I understand you are working on helping some of the Priority 3 projects build a consortium or networking group. What is the aim of this group? How do you think will it further the aims of the programme?

‘Half of the approved projects in this priority are working with different aspects of improving resilience to climate change,’ explains Axel. ‘There is a conversation on extended cooperation among those projects. They are discussing whether it is possible to deliver a synthesis of the solutions and results developed by each project, which is more comprehensive and relevant for the programme area and will support better implementation of national and regional adaptation strategies. There is a long-term perspective, i.e. post-2020, of identifying adaptation challenges and needs. Climate change and its impacts are real; therefore, adaptation and resilience will also need to evolve. This initiative will help with that.’

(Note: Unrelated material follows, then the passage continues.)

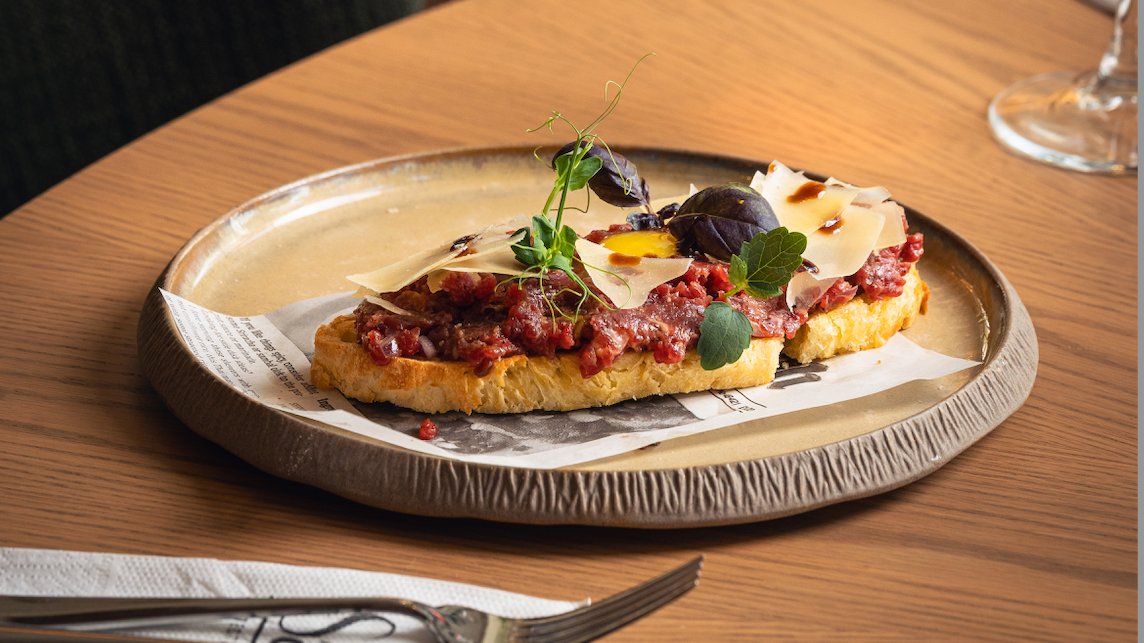 телешко месо, горчица, червен лук, зехтин, сос Уорчестър, пъдпъдъче яйце, пармезан, хляб - 150 гр.

* On 23-24 May 2018 the programme’s Monitoring Committee voted to approve a 5% over allocation of ERDF (European Regional Development Fund) in Priority 3, which means that there is an additional €1.839.794 available to projects approved from Call 5 onwards. The funding overview above reflects the updated amount of remaining ERDF.


Axel points to the North Sea Trail symbol during a hike in northern Jutland.

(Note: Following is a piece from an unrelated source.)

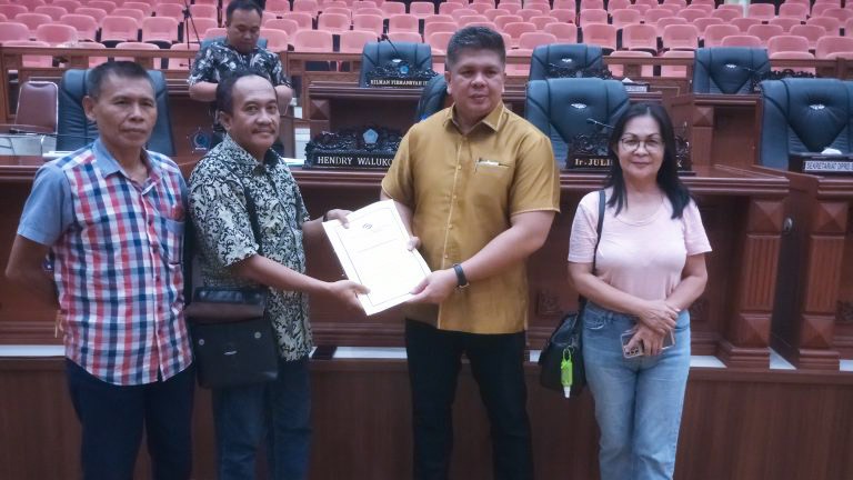 Manado, Sulutreview.com – Sekretaris Komisi I DPRD Sulut Hendry Walukouw usai mengikuti kegiatan Rapat Paripurna, secara resmi menerima aspirasi yang disampaikan oleh pegawai dan pensiunan Perum Percetakan Negara Republik Indonesia (PNRI) Cabang Manado, Jumat (10/3/2023) di ruangan rapat paripurna.

Axel has worked for many years on environmental and spatial planning at both the EU and international levels. He spent five of those in Brussels and three in Malaysia. In fact, he will celebrate 40 years in the Danish labour market on 6 June this year. During the Interreg NSRP IIIB programme period, he managed Danish funds for nature management, which co-funded Danish participation in the North Sea Trail project. ‘Working for the “other side” now, I find it fascinating and gratifying to be able to use the expertise I developed over 40 years and help projects develop their solutions and proofs of concept,’ Axel said. He lives with his wife in Hald Ege, which is close to the Joint Secretariat’s office in Viborg, Denmark. He has one daughter.

Jenny at the summit of Mount Kilimanjaro

Jenny is from Flensburg, Germany and has lived in Denmark for 1.5 years. She has also lived in Africa and the UK. ‘I like travelling,’ said Jenny. ‘I like getting to know the residents of the places I visit in order to learn about different cultures. One of the highlights of my travels was climbing mountain Kilimanjaro.’ When she is not traveling, Jenny enjoys being outdoors, especially close to the sea. She has recently taken up Stand Up Paddling (SUP), which is very popular in Aarhus, where she is based. Jenny joined the North Sea Region Programme after a couple of years with the Interreg IVA Syddanmark-Schleswig-K.E.R.N. programme.